The result of these networks is usually a list of `ObjectDetectionResult`.

```java
ObjectDetectionNetwork net = vision.createYOLOv3();
net.setup();

// detect new objects
ResultList detections = net.run(image);

for (ObjectDetectionResult detection : detections) {
println(detection.getClassName() + "\t[" + detection.getConfidence() + "]");
}
```

Every object detection result contains the following fields:

* `getClassId()` - id of the class the object belongs to
* `getClassName()` - name of the class the object belongs to
* `getConfidence()` - how confident the network is on this detection
* `getX()` - x position of the bounding box
* `getY()` - y position of the bounding box
* `getWidth()` - width of the bounding box
* `getHeight()` - height of the bounding box

#### YOLO [[Paper](https://pjreddie.com/darknet/yolo/)]
YOLO a very fast and accurate single shot network. The pre-trained model is trained on the 80 classes COCO dataset. There are three different weights & models available in the repository:

- YOLOv3-tiny (very fast, but trading performance for accuracy)
- YOLOv3-spp (original model using [spatial pyramid pooling](https://stackoverflow.com/a/55014630/1138326))
- YOLOv3 (608)
- YOLOv4 (608)
- YOLOv4-tiny (416)
- YOLOv5n (640)
- YOLOv5s (640)
- YOLOv5m (640)
- YOLOv5l (640)
- YOLOv5x (640)

```java
// setup the network
YOLONetwork net = vision.createYOLOv4();
YOLONetwork net = vision.createYOLOv4Tiny();
YOLONetwork net = vision.createYOLOv3();
YOLONetwork net = vision.createYOLOv3SPP();
YOLONetwork net = vision.createYOLOv3Tiny();
YOLONetwork net = vision.createYOLOv5n();
YOLONetwork net = vision.createYOLOv5s();
YOLONetwork net = vision.createYOLOv5m();
YOLONetwork net = vision.createYOLOv5l();
YOLONetwork net = vision.createYOLOv5x();

// set confidence threshold
net.setConfidenceThreshold(0.2f);
```

* [Basic Example YOLO](examples/YOLODetectObjects)
* [WebCam Example YOLO](examples/YOLOWebcamExample)
* [RealSense Example YOLO](examples/RealSenseYoloDetector)

#### YOLOv5
Since version `0.9.0` YOLOv5 is implemented as well. It uses the pre-trained models converted into the ONNX format. At the moment YOLOv5 does not work well with the implemented NMS. To adjust the settings of the NMS use the following functions.

```
// set confidence threshold
net.setConfidenceThreshold(0.2f);

// set confidence threshold
net.set(0.2f);

// set the IoU threshold (overlapping of the bounding boxes)
net.setNmsThreshold(0.4f);

// set how many objects should be taken into account for nms
// 0 means all objects
net.setTopK(100);
```

#### SSDMobileNetV2 [[Paper](https://arxiv.org/abs/1512.02325)]
This network is a single shot detector based on the mobilenetv2 architecture. It is pre-trained on the 90 classes COCO dataset and is really fast.

```java
SSDMobileNetwork net = vision.createMobileNetV2();
```

* [WebCam Example MobileNet](examples/MobileNetObjectDetectorWebcam)

#### Handtracking [[Project](https://github.com/victordibia/handtracking)]
This is a pre-trained SSD MobilenetV2 network to detect hands.

```java
SSDMobileNetwork net = vision.createHandDetector();
```

* [Hand Detector WebCam Example](examples/HandDetectorWebcam)
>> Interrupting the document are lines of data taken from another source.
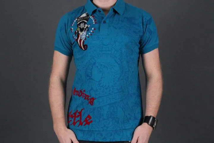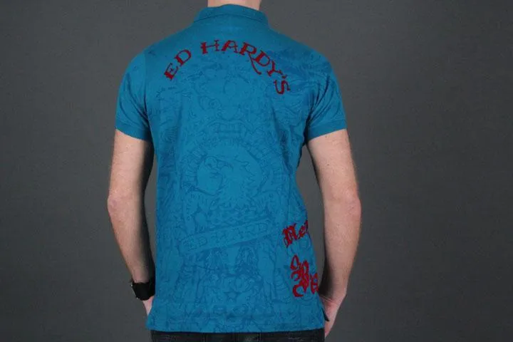 Polo piqué from Ed Hardy with cool Easgle Blue print. 100% cotton. Men, blue, Medium.
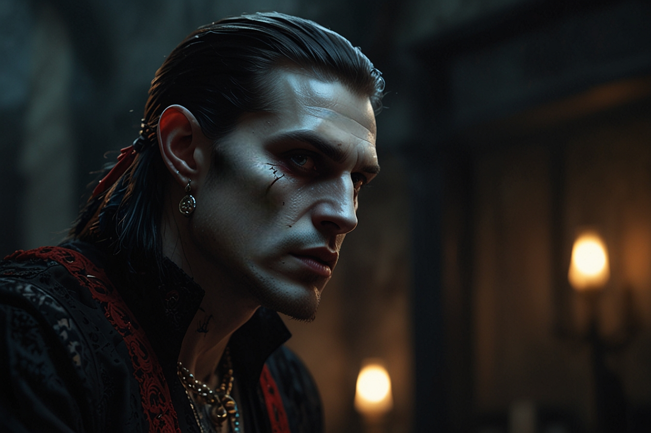 Vimpire lord , aristokrat sharp skiny ear, sharp and elongated features adorned with delicate dangling jewelry, dramatic portrait style reminiscent of greg rutkowski and wlop, intricate lace details, gothic and elegant aesthetic, moody and atmospheric lighting, muted contrasting tones with bold accents of red and black.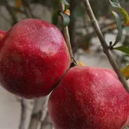 成熟后变成大型而多室、多子的浆果,每室内有多数子粒;外种皮肉质,呈鲜红、淡红或白色,多汁,甜而带酸,即为可食用的部分;内种皮为角质,也有退化变软的,即软籽石榴。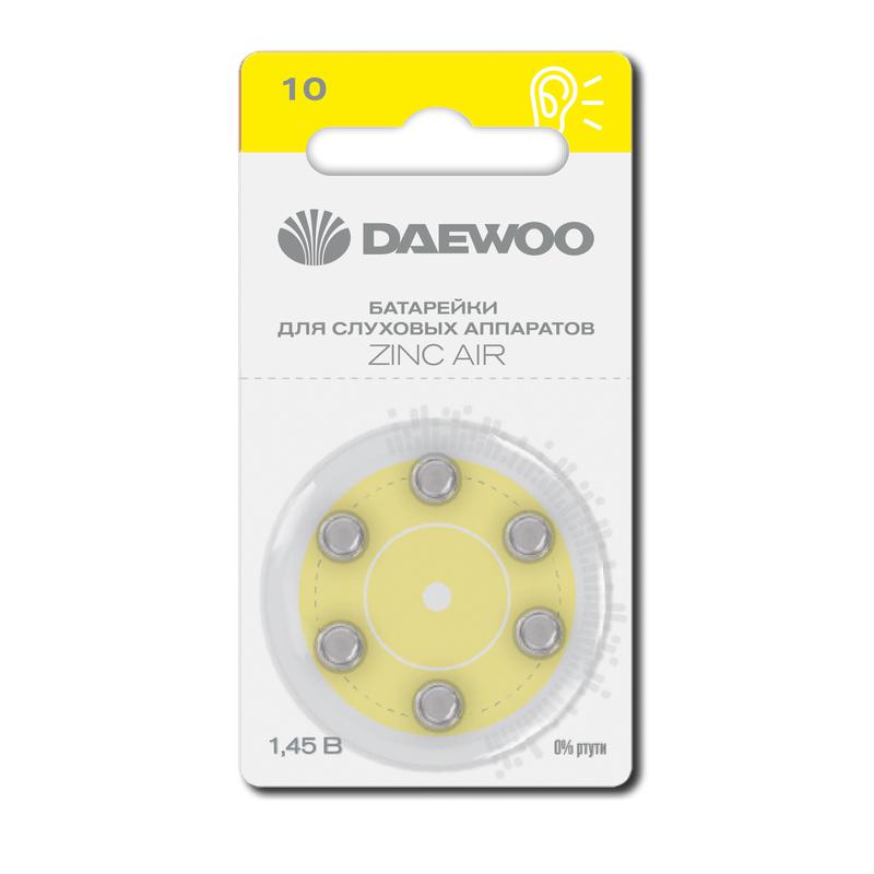 Элемент питания воздушно-цинковый ZA10/PR70 1.45В BL-6 (блист.6шт) для слуховых аппаратов DAEWOO 5060333
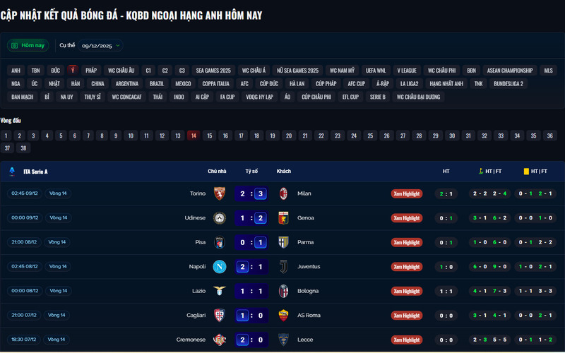 Với lối chơi kỷ luật và giàu chiến thuật, Serie A thu hút lượng lớn người hâm mộ. Ca Khia TV cung cấp kết quả cập nhật theo thời gian thực cho các trận đấu của Juventus, Inter Milan, AC Milan, Napoli và nhiều đội bóng khác. Dữ liệu được trình bày rõ ràng, giúp người xem dễ nắm bắt diễn biến và phong độ của các đội qua từng vòng đấu.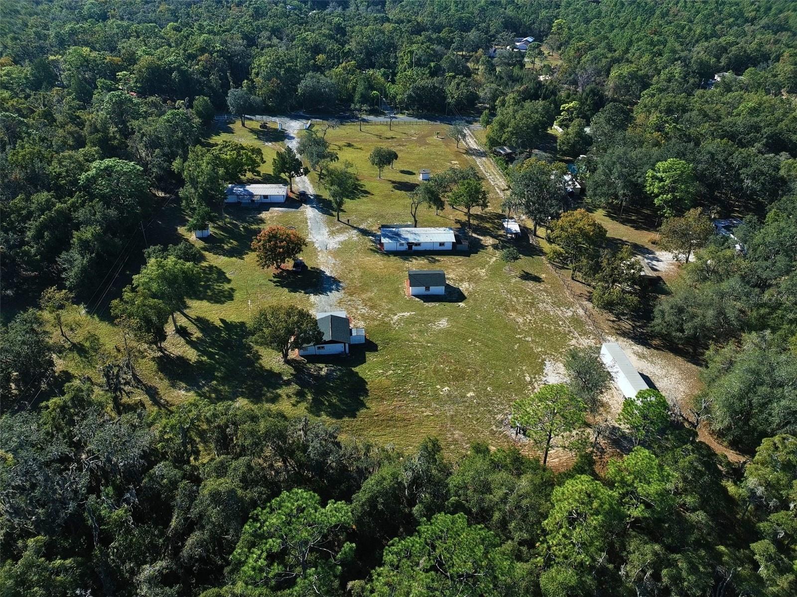 One or more photo(s) has been virtually staged. Rare Income-Producing Opportunity: Fully renovated 5-acre multi-family compound in Brooksville, Hernando County, featuring three separate residences plus detached garage/workshop on agriculturally zoned, fully fenced land with NO HOA and NO CDD fees. This turnkey investment property offers immediate rental income potential, multi-generational living flexibility, or agricultural business operations with multiple revenue streams. Zoning: Agricultural (AG)—buyer to verify —allows residential use, livestock, farming, nursery operations, equestrian activities, RV/equipment storage, and home-based businesses, subject to county permits. Property includes 4 structures with individual utilities: (1) Block-constructed 1-bedroom/1-bathroom home (approx. 580sqft) with bonus flex room, completely rewired electrical system(2025), updated kitchen and bathroom, new roof October 2025, central AC, individual electric meter, separate septic system, own postal address, and exterior water/electrical hookups; (2) Renovated 3-bedroom/2-bathroom double-wide mobile home (1973) with complete interior updates, modern kitchen and bathrooms, luxury vinyl flooring, central AC, individual electric meter, separate septic, own postal address, aluminum roof (1999), washer and dryer, and exterior utilities; (3) Second renovated 3-bedroom/2-bathroom double-wide mobile home (1972) with complete electrical system replacement (2025), full interior updates, kitchen, bathrooms, contemporary ceramic tile flooring, central AC, individual electric meter, separate septic system, own postal address, Aluminum Roof (1999), washer and dryer and exterior water/electrical access; (4) Block-constructed detached garage with finished interior, utility sink, electricity, water hookup, new roof October 2025, suitable for studio, workshop, or additional storage/rental income. Each residence has its own postal address, enabling separate rental agreements. The completely fenced 5-acre parcel includes substantial cleared usable land ideal for small livestock, gardens, workshops, equipment parking, RV/boat storage, or future agricultural expansion. Infrastructure highlights: Private well system serving all structures, separate septic tanks, individual electric meters for each living unit allowing tenant-paid utilities, exterior hose bibs and 110V electrical outlets on all structures, central AC systems in all three homes, and ample parking throughout. The fully fenced acreage offers cleared land perfect for vegetable gardens, farming, chicken coops, goat/sheep enclosures, horse paddocks, greenhouse operations, or nursery business—all subject to Hernando County zoning regulations and permits. Income potential: Three rentable residences with separate addresses and utilities create immediate cash flow, while garage/workshop adds rental or business value. Prime Brooksville location with convenient access to US-19, Cortez Boulevard (SR-50), Weeki Wachee Springs State Park, Brooksville downtown, shopping (Walmart, Publix), dining, Oak Hill Hospital, and essential services—perfect balance of rural privacy with urban convenience. This turnkey agricultural compound with NO HOA/NO CDD provides unlimited flexibility for investors, multi-generational families, agricultural entrepreneurs, or income property seekers in Florida's Nature Coast. Showings strongly recommended to appreciate the extensive renovations, income-producing layout, and versatility this rare 5-acre property offers.

#### TextBoxes [[Paper](https://arxiv.org/abs/1611.06779)]
TextBoxes is a scene text detector in the wild based on SSD MobileNet. It is able to detect text in a scene and return its location.

```java
TextBoxesNetwork net = vision.createTextBoxesDetector();
```

#### Ultra-Light-Fast-Generic-Face-Detector [[Project](https://github.com/Linzaer/Ultra-Light-Fast-Generic-Face-Detector-1MB)]
ULFG Face Detector is a very fast CNN based face detector which reaches up to 40 FPS on a MacBook Pro. The face detector comes with four different pre-trained weights:

* RFB640 & RFB320 - More accurate but slower detector
* Slim640 & Slim320 - Less accurate but faster detector

```java
ULFGFaceDetectionNetwork net = vision.createULFGFaceDetectorRFB640();
ULFGFaceDetectionNetwork net = vision.createULFGFaceDetectorRFB320();
ULFGFaceDetectionNetwork net = vision.createULFGFaceDetectorSlim640();
ULFGFaceDetectionNetwork net = vision.createULFGFaceDetectorSlim320();
```

The detector detects only the frontal face part and not the complete head. Most algorithms that run on results of face detections need a rectangular detection shape.
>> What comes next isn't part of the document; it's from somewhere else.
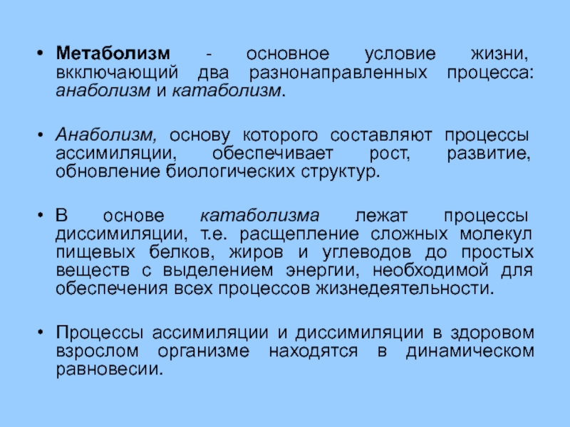 Процессы ассимиляции и диссимиляции в здоровом взрослом организме находятся в динамическом равновесии.

* [Face Detector Example](examples/FaceDetectorExample)
* [Face Detector WebCam Example](examples/FaceDetectorCNNWebcam)

#### Cascade Classifier [[Paper](https://citeseerx.ist.psu.edu/viewdoc/summary?doi=10.1.1.110.4868)]
The cascade classifier detector is based on boosting and very common as pre-processor for many classifiers.

```java
CascadeClassifierNetwork net = vision.createCascadeFrontalFace();
```

* [Face Detector Haar Webcam Example](examples/FaceDetectorHaarWebcam)

### Object Recognition
tbd

### KeyPoint Detection
tbd

### Classification
tbd

### Depth Estimation

#### MidasNet

Towards Robust Monocular Depth Estimation: Mixing Datasets for Zero-shot Cross-dataset Transfer

![](readme/midasnet.jpg)

*MidasNet*

### Image Processing
tbd

## Pipeline
It is possible to create network pipelines to use for example a face-detection network and different classifier for each face. This is not yet documented so you have to check out the test code:
[HumanAttributesPipelineTest.java#L36-L41](https://github.com/cansik/deep-vision-processing/blob/master/src/test/java/ch/bildspur/vision/test/HumanAttributesPipelineTest.java#L36-L41)

## Build
- Install JDK 8 (because of Processing) (JDK 11 for Processing 4)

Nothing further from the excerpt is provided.